See if it looks more like you expect.


Are you sure blend equation is GL_FUNC_ADD, and no intermediate fbo's involved (will affect alpha)?

I was using an intermediate FBO with a GL_RGBA16F format. I'm thinking the issue is I need to disable blending when rending the fullscreen quad from the FBO to the default FB?

OK, here is what it looks like when I disable blending on the fullscreen pass and square the alpha.

[attachment=24095:example3.jpg]

So, there is fbo :)

It's ok to disable blending if that image is final.

But if you need all particles combined in image, and that image needs resulting alpha (to be combined with scene), then you'll have to use premultiplied alpha.

You can do blending in the fullscreen pass as well, but you need to change the blend function you use when rendering the particles.

The problem is that with the most common blend mode (glBlendFunc(GL_SRC_ALPHA, GL_ONE_MINUS_SRC_ALPHA)), you accidentally square the source alpha, resulting in incorrect destination alpha.

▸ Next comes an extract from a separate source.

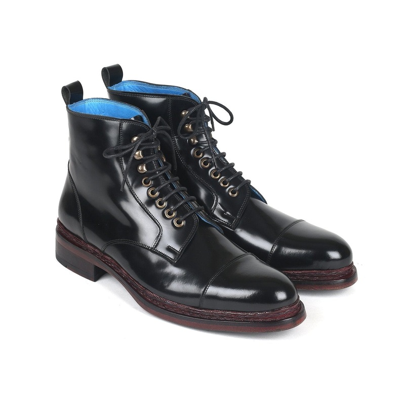 Norwegian hand-welted construction.Polished blackleather upper.Black and purple hand-painted fiddle waist leather sole.Cap toe lace-up boots for men.Blue leather lining and inner sole.This is a made-to-order product. Please allow 15 days for the delivery.
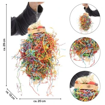 Alles ist auf eine Kette aus Edelstahl gefädelt. Die Holzteile können von den Vögeln um den Ball gedreht werden.

This can be avoided by using

glBlendFuncSeparate(GL_SRC_ALPHA, GL_ONE_MINUS_SRC_ALPHA, GL_ONE, GL_ONE_MINUS_SRC_ALPHA);

instead. This should give the resulting FBO correct alpha values.

EDIT: Also, in the fullsceen copy pass, your pixels essentially have premultiplied color, so glBlendFunc(GL_ONE, GL_ONE_MINUS_SRC_ALPHA) is the correct one to use.